The cover is definitely provocative and if it's meant to stir debate, then it's been successful.

I just wonder what effect it will have on the child down the road (re: bullying, the availability of information/photos on the 'net, etc.)

20 sliv_the_eli  Fri, May 11, 2012 12:41:57pm

TIME magazine, in my opinion, long ago gave up making any real effort to be a serious news magazine in favor of trying to sell more magazines by pandering, shock value (just one example here: [Link: www.time.com...] or otherwise. This latest effort is no different. It is about selling magazines, not informing the public.
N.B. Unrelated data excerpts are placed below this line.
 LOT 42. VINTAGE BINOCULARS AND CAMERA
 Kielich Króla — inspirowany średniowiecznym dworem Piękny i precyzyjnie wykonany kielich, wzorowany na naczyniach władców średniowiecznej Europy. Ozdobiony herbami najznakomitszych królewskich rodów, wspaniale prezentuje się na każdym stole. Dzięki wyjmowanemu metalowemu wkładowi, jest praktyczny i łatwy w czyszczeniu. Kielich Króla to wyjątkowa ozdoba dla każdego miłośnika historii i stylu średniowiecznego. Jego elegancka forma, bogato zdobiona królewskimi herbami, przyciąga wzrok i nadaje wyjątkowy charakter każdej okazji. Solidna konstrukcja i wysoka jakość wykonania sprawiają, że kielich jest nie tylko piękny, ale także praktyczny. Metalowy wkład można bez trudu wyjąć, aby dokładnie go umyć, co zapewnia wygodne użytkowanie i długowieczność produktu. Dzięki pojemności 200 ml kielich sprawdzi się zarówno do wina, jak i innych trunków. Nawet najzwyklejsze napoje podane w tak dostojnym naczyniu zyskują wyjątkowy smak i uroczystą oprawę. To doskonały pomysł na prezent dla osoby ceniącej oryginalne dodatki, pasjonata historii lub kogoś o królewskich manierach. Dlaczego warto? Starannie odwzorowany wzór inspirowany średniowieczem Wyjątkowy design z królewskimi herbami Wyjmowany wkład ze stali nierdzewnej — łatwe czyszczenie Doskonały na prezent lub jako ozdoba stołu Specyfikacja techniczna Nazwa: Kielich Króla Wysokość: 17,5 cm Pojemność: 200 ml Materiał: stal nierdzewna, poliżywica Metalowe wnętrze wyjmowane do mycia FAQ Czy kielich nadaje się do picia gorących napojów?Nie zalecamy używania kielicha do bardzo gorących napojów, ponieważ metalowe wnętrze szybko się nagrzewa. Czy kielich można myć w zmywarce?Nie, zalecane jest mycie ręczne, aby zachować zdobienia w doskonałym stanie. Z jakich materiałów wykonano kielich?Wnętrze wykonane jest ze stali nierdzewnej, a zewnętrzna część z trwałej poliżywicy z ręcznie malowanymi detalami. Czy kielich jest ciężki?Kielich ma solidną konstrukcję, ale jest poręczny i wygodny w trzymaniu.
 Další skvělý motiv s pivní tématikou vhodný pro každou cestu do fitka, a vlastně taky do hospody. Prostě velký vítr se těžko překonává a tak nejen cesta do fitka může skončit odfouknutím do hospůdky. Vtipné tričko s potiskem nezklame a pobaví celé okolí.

The only real difference is that this time TIME is abusing a different group of readers in order to boost sales.

21 calochortus  Fri, May 11, 2012 1:17:38pm

re: #19 lawhawk

I don't have kids, haven't raised them, or don't exactly go to Time Magazine to figure out how to do it.
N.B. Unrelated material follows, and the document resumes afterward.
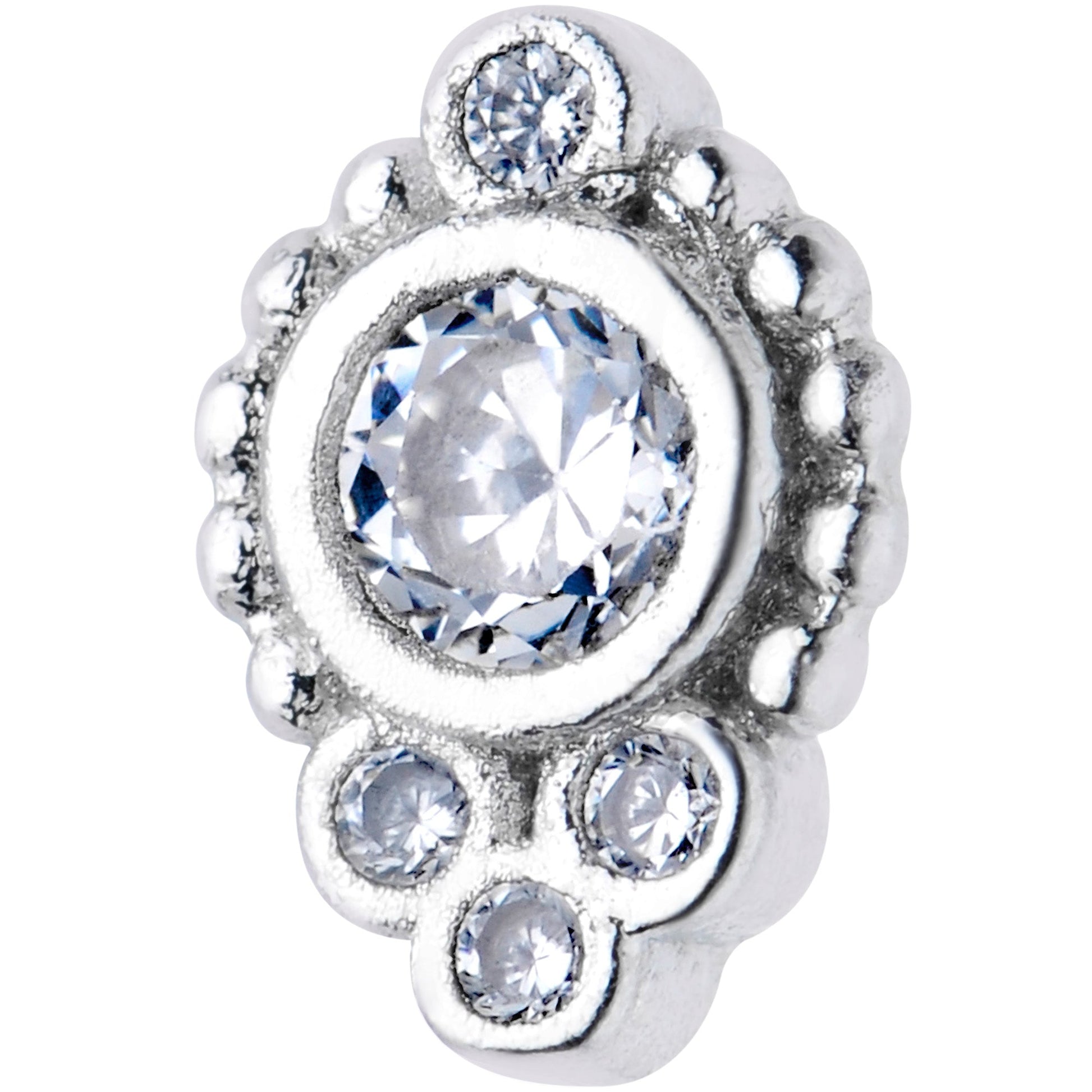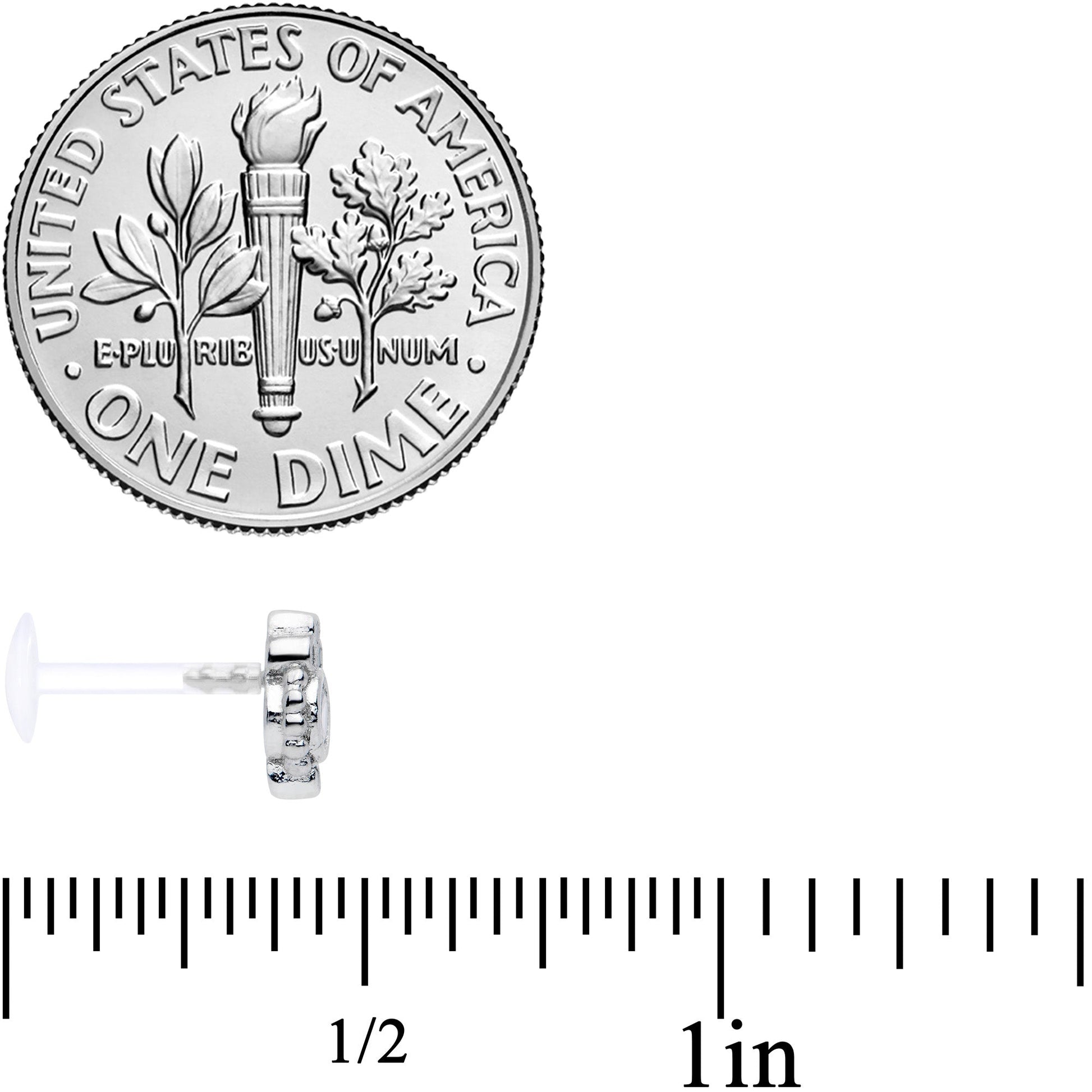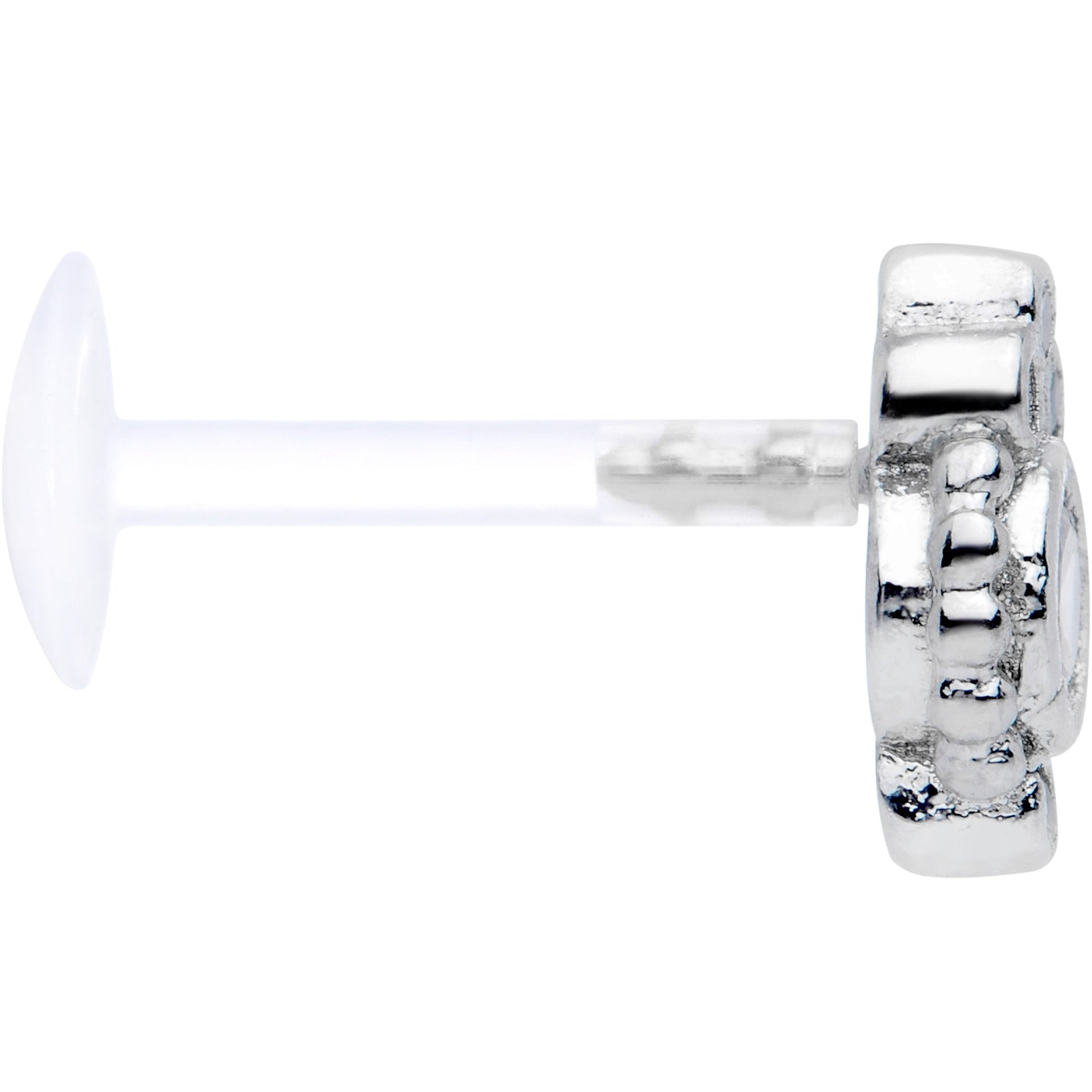 You'll have no reason to shed a tear with this 16 gauge lip ring! It's made with an 8mm flexible Bioplast straight barbell with a flat disc end. It features a round clear gem set in a heavily embellished teardrop-shaped charm. The charm is also textured for an added bit of visual impact. And you can rock this teardrop in multiple piercings including lip, monroe, tragus, helix, and some conch piercings! With its comfortable fit and beautiful form, this lovely labret jewelry is sure to keep you smiling!
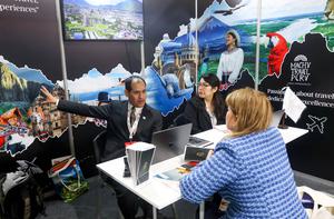 (250628) -- LIMA, 28 junio, 2025 (Xinhua) -- Un expositor conversa con una visitante en un estand durante el evento Perú Travel Mart 2025, en Lima, Perú, el 28 de junio de 2025. La presidenta de Perú, Dina Boluarte, afirmó el viernes que la nueva edición del Perú Travel Mart constituye una "ventana" estratégica del país andino para consolidar nuevas alianzas comerciales con el mundo en el sector turístico. (Xinhua/Mariana Bazo) (mb) (oa) (da)

I just wonder what effect it will have on the child down the road (re: bullying, the availability of information/photos on the 'net, etc.)

This.

It is a good thing the child will be properly attached to his parents, because he's going to need a lot of support when his 5th grade classmates find this on the internet.

22 Bob Levin  Fri, May 11, 2012 1:25:54pm

re: #3 sagehen

The kid is old enough to be chewing tobacco. ;-)

23 philosophus invidius  Fri, May 11, 2012 1:51:36pm

re: #3 sagehen

A kid old enough to be capable of chewing solid food is too old for breast-feeding. End of story.

Says who? Your gut feeling that it just "doesn't seem right"?

24 freetoken  Fri, May 11, 2012 1:56:46pm

re: #12 dragonfire1981

Recently I've noticed Time running more and more provocative stories, and little tidbits. Eventually on one of the newsfeeds I check I put Time magazine on the headline block list simply because I got irritated with their idiotic blurbs.

25 SanFranciscoZionist  Fri, May 11, 2012 5:20:29pm

What annoys me about this is that it's not news. It's a hot trend among a few, highly privileged women.

I'm trying to start a family now. When my children arrive, they ain't gonna get 'attachment parenting', because I'm going to need to go back to work.

How many of me are there, and how many of Mayim Bialik?

26 SanFranciscoZionist  Fri, May 11, 2012 5:21:20pm

I don't care how long anyone breast-feeds, or doesn't. I just don't want to be told about it as though it's a serious new development.